Group Policy Blog from the "GPOGUY"

Using GP Preferences to protect against the zero-day shortcut vulnerability

2010-07-23T22:49:38Z

Microsoft recently announced a new security vulnerability in Windows shortcuts that affects all versions of Windows since XP! Its references here: http://support.microsoft.com/kb/2286198. This particular vulnerability takes advantage of the icon that appears in shortcut (.lnk and .pif) files on Windows. Within the article cited above, Microsoft provides a “FixIt” workaround for the problem that essentially removes the icon from the shortcut, leaving a blank icon in its place. In looking at what they are doing in the FixIt, it struck me that you could leverage GP Preferences’ registry extension to blow this fix out to your entire environment pretty quickly. So, what I did was create two new GP Preferences registry items, that update the appropriate registry values, and remove the data from those values. The values in question are:

HKEY_CLASSES_ROOT\lnkfile\shellex\IconHandler\@

HKEY_CLASSES_ROOT\piffile\shellex\IconHandler\@

Where @ represents the “Default” registry value. Each of these values needs to have no data in them in order for this fix to work (and you’ll need to restart the target machine).

The GP Preferences items were very easy to craft. The following screenshot shows an example of the one I did for the lnk files:

Note that the value data field is left blank. That, in combination with using the “Update” action on the GP Preferences item, makes it easy to blank out a registry value. I then repeated this same process for the piffile path in the registry. Since I created this policy under “Computer Configuration”, I targeted the GPO to my computer objects in AD by linking it to an OU containing my computers. During the next policy refresh, the fix applied and I was protected. When an update is provided by Microsoft, you can again use GP Preferences registry extension to update the registry value with its previous, default value, which is “{00021401-0000-0000-C000-000000000046}” for both lnkfile and piffile.
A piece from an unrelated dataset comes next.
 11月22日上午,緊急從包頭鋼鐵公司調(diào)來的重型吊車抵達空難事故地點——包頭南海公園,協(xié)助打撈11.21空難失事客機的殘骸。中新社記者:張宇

Cool! GP Preferences strikes again!

Darren

Backing up and restoring the Local GPO

2010-07-22T22:02:57Z

Some of you may have seen a twitter post I did a while back letting folks know about the Security Compliance Manager, which is a tool from Microsoft that lets you manage, edit, report, search and export security templates and baselines. This tool is pretty cool, but it also has a hidden gem in it. When you install the SCM, you will notice a folder within its program group called “LocalGPO”, which contains a package called localgpo.msi. When you run that MSI it installs some files within a folder on your hard drive, and one of those files is a script called localgpo.wsf. What this script can do is pretty cool. It can do 3 things against your local GPO that I really like:

It can backup your local GPO to a GPMC formatted backup. Which means you could backup a local GPO and then use GPMC to import it into a domain-based GPO.
It can take a GPMC backup of GP settings and import them into a local GPO on a machine.
It can restore a local GPO to its default state.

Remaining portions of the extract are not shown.